Murdoch’s News Corp. was forced to close the News of the World and abandon its bid for British Sky Broadcasting Group Plc this month after rival newspapers reported the tabloid hacked the phones of victims of violence, including a missing schoolgirl who was later found murdered.
London’s Metropolitan Police is investigating the hacking and allegations that News Corp.’s British newspaper unit, News International, paid officers to get stories. Murdoch, 80, denied any knowledge of phone hacking and payments to police at the News of the World, blaming “people I trusted” during three hours of questioning by British lawmakers yesterday.
A former lawmaker in Russia’s lower house of parliament and a KGB officer who worked at the Soviet Embassy in London during the Cold War, Lebedev now has a fortune valued by Forbes magazine at $2.1 billion. His National Reserve Corp.’s holdings include a stake in Russia’s flagship airline OAO Aeroflot and in banking, construction, property, agriculture and media companies.
Lebedev, 51, said he would use a remade version of the defunct newspaper to raise interest in stories about corruption and wrongdoing by rich and powerful people.

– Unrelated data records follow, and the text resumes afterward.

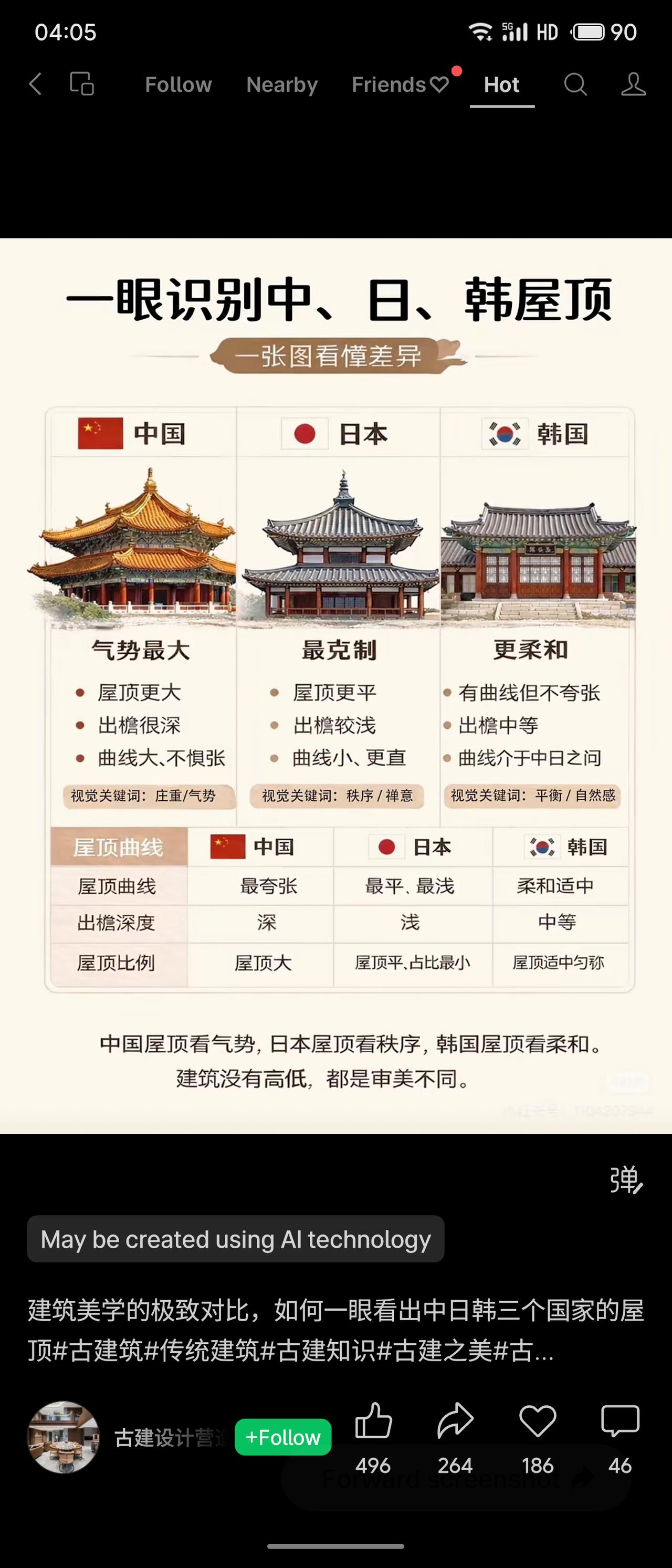 组图文直观对比了中日韩传统屋顶的建筑美学:中国屋顶曲线夸张、出檐深远,彰显恢弘气势;日本屋顶线条平直、轮廓克制,体现禅意秩序;韩国屋顶曲线柔和、比例适中,呈现平衡自然之美。对比并非为分高下,而是帮观者读懂不同民族在审美哲学上的独特表达——从张扬到内敛,从气势到秩序,屋檐之上镌刻着文化的基因。
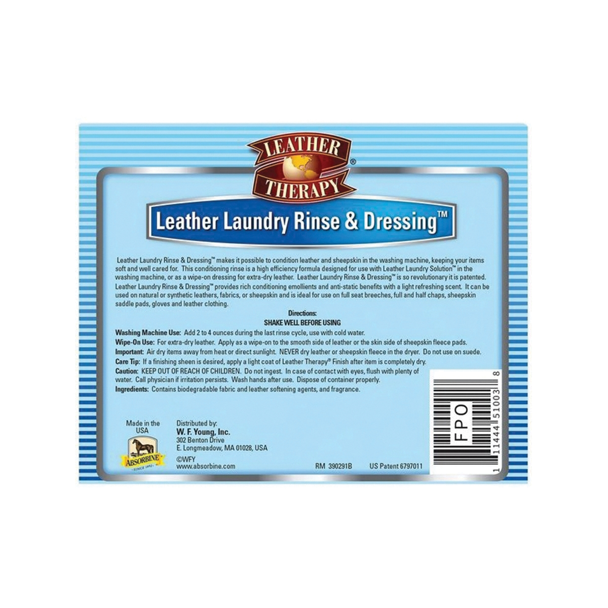 A patented, non-detergent leather-conditioning rinse that works with leather laundry solution for natural or synthetic leathers, fabrics and sheepskin. Provides rich conditioning emollients and anti-static benefits.
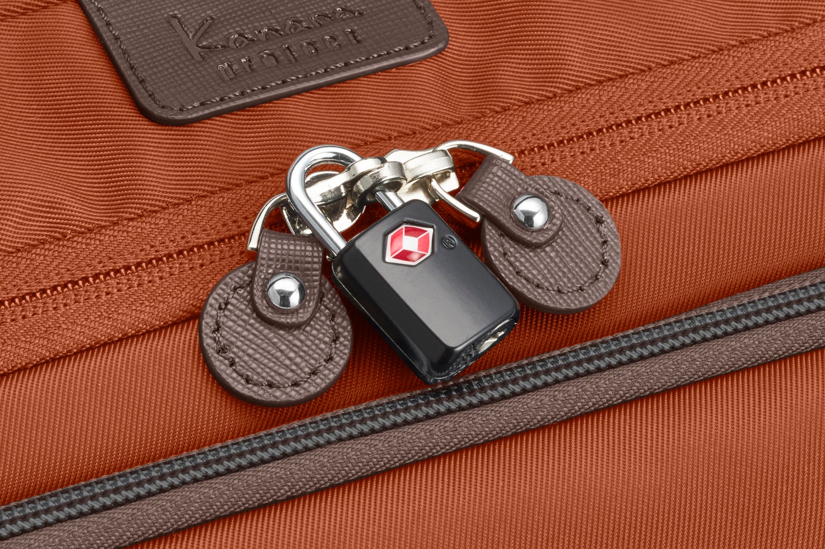 メインファスナーに付属のダイヤル式TSAロックを装着可能。3ケタの数字で開けられるため、鍵は不要です。
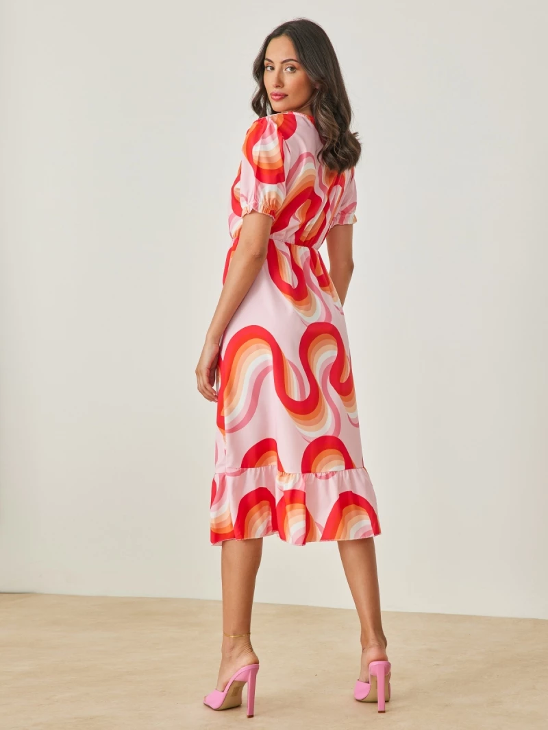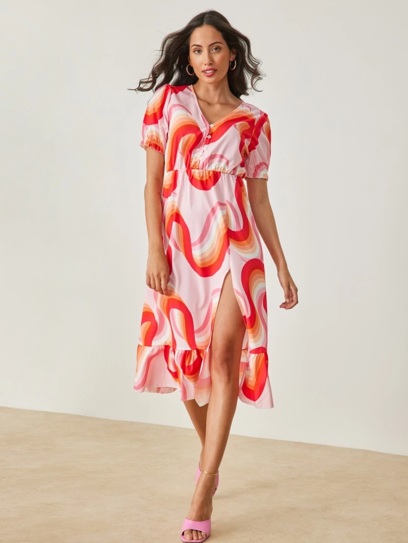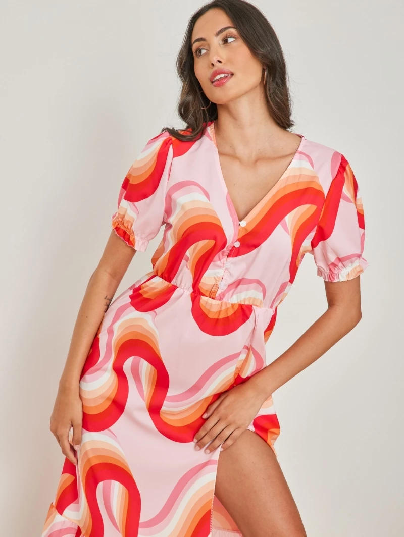 Φόρεμα μίντι με pattern. Έχει κοντά μανίκια με λάστιχο στο τελείωμα. Το μπούστο έχει v cut σχέδιο με μικρά κουμπιά. Στο πλάι έχει άνοιγμα και βολάν στο τελείωμα. Made in Italy.
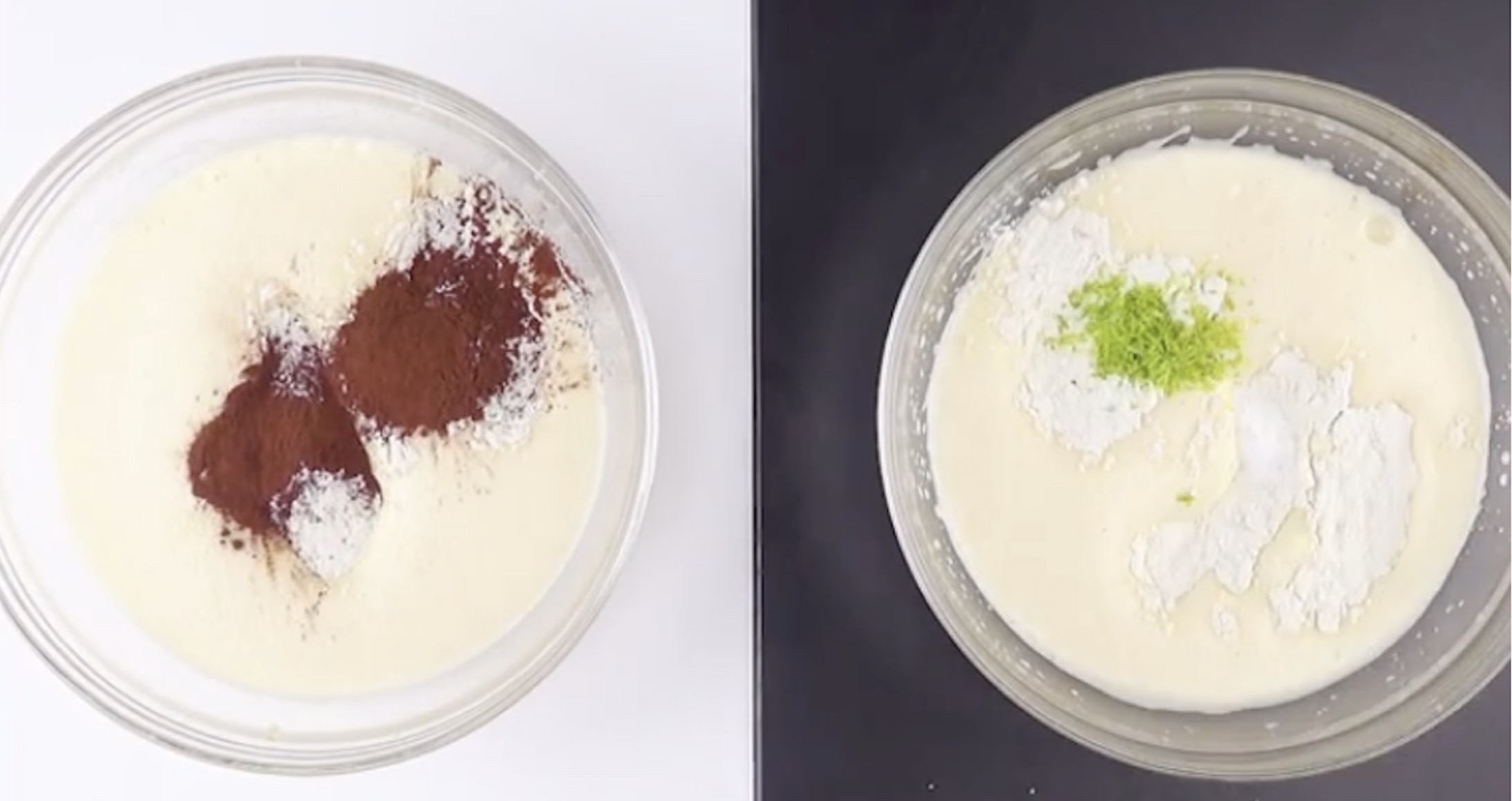 1.) Du benötigst zwei Schüsseln, in denen du jeweils zu gleichen Teilen Zucker, Eier und lauwarmes Wasser gut miteinander vermengst. In beide Schüsseln gibst du Mehl und Backpulver hinzu. In die eine Schale kommt nun Kakaopulver, in die andere abgeriebene Limettenschale. Den Inhalt beider Schüsseln verrührst du nun wieder miteinander, bis zwei glatte Teige entstehen.
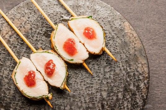 軽やかな食感と清涼感のある風味のバランスが絶妙で、コースの合間にも心地よく楽しめる味わい。特に女性のお客様から高い支持を集めている人気串です。
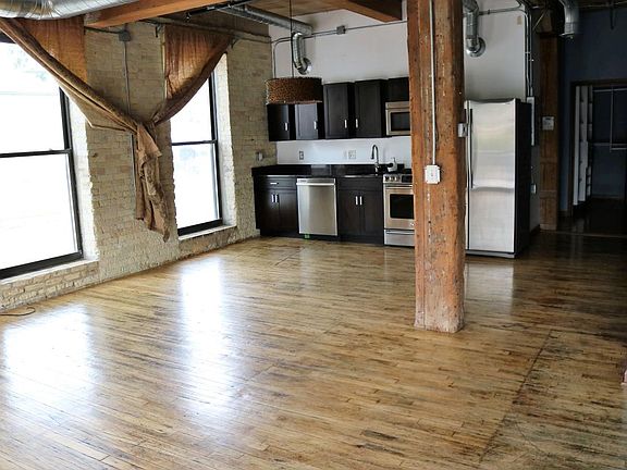 This stunning 1 bedroom 1 bathroom apartment features exposed Cream City Brick walls, open exposed ceiling, hardwood floors, and very large windows. But that is only the tip of what is part of this great space 12 x 24 outdoor covered deck, The kitchen features new 7 ft kitchen Island (not shown in pictures yet) granite counter top, Stainless Steel appliances (Stove, huge fridge, microwave, dishwasher) and big living area. Bath room features large shower, Bed room can fit a King size bed with room to spare for other pieces. Walk in closet next to bedroom. Laundry is in unit. Unit comes with 2 off street gated parking spots. Building features a security system through out with your own code. Close to downtown and 2 short blocks to many restaurants, blocks from Harley Davidson Museum. Only serious inquiries call Wally for appointment for showing. 414-254-8885 Credit check is done on any prospective tenets.
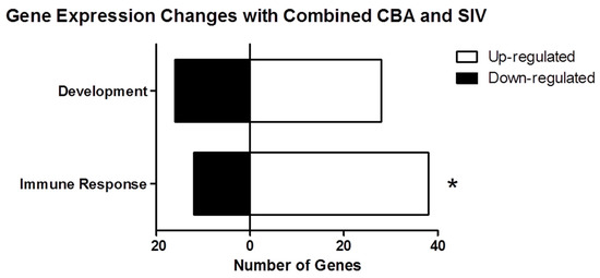 Number of genes involved in inflammatory and development processes that were up- and down-regulated. Immune processes include the set of genes from inflammation and immune response functions. The immune processes category had significantly more up-regulated genes than expected (76%) compared to the total number of up-regulated genes out of all differentially expressed genes (57%) (* p < 0.01, Chi-square test).
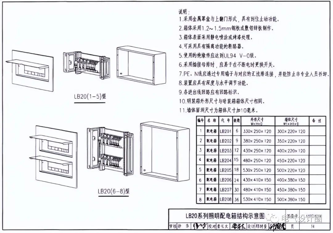 (3)照明配电箱尺寸和极数:

Murdoch’s newspapers worked in the public interest, aside from “playing on the least attractive strings of human nature,” he said.
“Let me just make a funny suggestion: so I decide tomorrow to relaunch News of the World, but calling it Worlds News,” he said. “I will be focusing not on interfering with a killed girl, phone hacking, but would need the journalists to really investigate -- and during investigations you have to observe the laws.”
Lebedev said in May he would quit business in Russia, citing pressure from the Federal Security Service, or FSB, the main successor to the Soviet KGB.
In November, he asked Prime Minister Vladimir Putin to intervene after law enforcement officials raided his National Reserve Bank. The raid was retribution for allegations of corruption printed in Novaya Gazeta, the Moscow weekly newspaper he owns with Mikhail Gorbachev, he said.
Being a newspaper owner in Russia and Britain is now a personal “mission” rather than a purely commercial endeavor, Lebedev said in the interview.
Novaya Gazeta is seeking permission from Moscow Mayor Sergei Sobyanin to start distributing a daily version of the publication in Moscow subway stations, a venture Lebedev said will cost about $10 million. Lebedev, who also owns the Independent daily in the U.K., started a weekly tabloid in London called “i.”
“i” is interesting, based on what the British public is saying, but we have a lot of work ahead of us,” he said. “The Evening Standard is doing much better, the Independent is OK, we are working with it.”
To focus more on his publishing business, Lebedev said he may sell his stake of about 15 percent in Aeroflot and lower his holding in National Reserve Bank to 25-30 percent. The bank -- of which his National Reserve Corp. owns 74 percent, according to the lender’s website -- may hold an initial public offering at the end of 2012, he added.
“I would be the happiest person to actually get rid of everything, sell it, and just go into publishing and investigative journalism,” Lebedev said.